Imagine you have an e-commerce website like Amazon.com and Alibaba.com, where there will be list of 1000’s of products, when you search for the product, it should responds immediately in spite of having millions of lists. Do you think system goes to individual rows and columns to check and responds to you, well no, If it does so, your system response time took a long time to fetch the data. So Indexing is introduce to enhance the response time of your query. In this post I will share the what is Indexing, its importance and how it can be implement in spring Boot project.
Introduction
Indexes improve query performance by allowing the database to locate data quickly without scanning entire tables. For our platform, indexing is essential for:
- When to Use:
- High-read scenarios: Dashboards, search features, reports.
- Columns in filters: Like user emails, order dates, or product categories.
- Avoid on tiny tables (under 1k rows) or columns with low uniqueness (e.g., a “gender” column with only “M/F”—most rows match, so index doesn’t help much).
Drawbacks of Database Indexing:
Although database helps to enhance the speed of your website, it may degrade the performance if not handled properly.
- Insert/Update: Every add/update means you have to update your index, like adding a extra entry to your table.
- Storage Overhead: Indexing takes (10-20)% extra disk space, depending on your database.
- Over indexing pitfall: Too much indexing slow down your system performance without helping in read operations.
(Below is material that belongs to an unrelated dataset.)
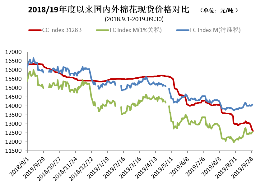 9月中下旬內(nèi)地及新疆棉產(chǎn)區(qū)新棉陸續(xù)開秤收購(gòu)并零星上市,國(guó)內(nèi)棉花企業(yè)積極銷售陳棉庫(kù)存。中美貿(mào)易摩擦出現(xiàn)緩和,市場(chǎng)預(yù)期有所好轉(zhuǎn)。同時(shí)紡織行業(yè)進(jìn)入傳統(tǒng)旺季,企業(yè)需求相對(duì)好轉(zhuǎn),國(guó)內(nèi)棉花價(jià)格雖延續(xù)下跌,但跌幅趨小。國(guó)際棉花市場(chǎng)止跌企穩(wěn),月末內(nèi)外棉現(xiàn)貨價(jià)格趨于一致。
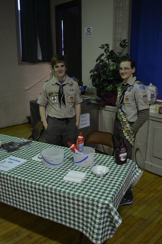 (LtoR) Boy Scouts sell ice cream sundaes.

Use indexing where you make frequent queries, not everything.
Types of Indexes:
Single Column Index: This is the simplest indexing as it enables indexing on only one column. Use this when you want to filter based on one fields (i.e. email)
Composite Index: Use this when you want the composition of two or more fields to be indexed.
- Create queries filtering on multiple columns (e.g., WHERE location = ‘Kathmandu’ AND posted_date > ‘2025-01-01’).
- Order columns by selectivity (most selective first, e.g., location before posted_date). At first filter based on location then check for date.
- @Table(name = “products”, indexes = {
@Index(name = “idx_category”, columnList = “category”),
@Index(name = “idx_category_price”, columnList = “category, price”)
})
Unique Index: This is great for when you want do duplicate values in the indexed columns.
- Use primary keys for unique identifiers (e.g., user_id, job_id).
- Apply unique indexes for columns requiring uniqueness (e.g., email, username
- @Entity
@Table(name = “products”, indexes = {
@Index(name = “idx_category”, columnList = “category”)
})
Clustered Index: This actually determines how the data is physically stored in the table; usually it’s the primary key.
Non-clustered index: Unlike the clustered index, this doesn’t affect the physical data order.
- Index columns used in WHERE, JOIN, or ORDER BY clauses (e.g., location, posted_date).
- Prioritize high-cardinality columns (many unique values, like email) over low-cardinality ones (e.g., gender).
Test Cases:
- EXPLAIN ANALYZE SELECT * FROM users WHERE email = ‘dipesh@example.com‘;
execute the above query you can see how much does it cost to fetch the email “dipesh@example.com” you can see that it check s only one rows and the execution time is slightly low then normal query.
| database_indexing=# EXPLAIN ANALYZE SELECT * FROM users WHERE email = ‘dipesh@example.com’; QUERY PLAN ———————————————————————————————————————— Index Scan using idx_users_email on users (cost=0.29..8.30 rows=1 width=63) (actual time=0.089..0.090 rows=1 loops=1) Index Cond: ((email)::text = ‘dipesh@example.com’::text) Planning Time: 0.613 ms Execution Time: 0.120 ms (4 rows) |
How to view the query stats:
| SELECT * FROM pg_stat_statements ORDER BY total_time DESC LIMIT 5; |
This shows the top 5 slowest queries.
You’ll see columns like:
- query – the SQL
- calls – how many times it ran
- total_time – total time spent
- mean_time – average time per call
I.e. Imagine your app is slow. You run:
| SELECT * FROM pg_stat_statements ORDER BY mean_time DESC LIMIT 1; |
And see:
| SELECT * FROM orders WHERE customer_name LIKE ‘%dipesh%’; |
That tells you:
- This query is slow
- Maybe you need an index on customer_name
- Monitor Indexes: In production, use PostgreSQL’s pg_stat_user_indexes to check index usage:
| SELECT indexrelname, idx_scan, idx_tup_read FROM pg_stat_user_indexes WHERE schemaname = ‘public’; |
Implementation:
- Only index columns used in frequent read queries (e.g., sender_id, receiver_id for Messages; user_id, job_id for Applications).
- Avoid indexing rarely queried columns (e.g., message_content, application_notes).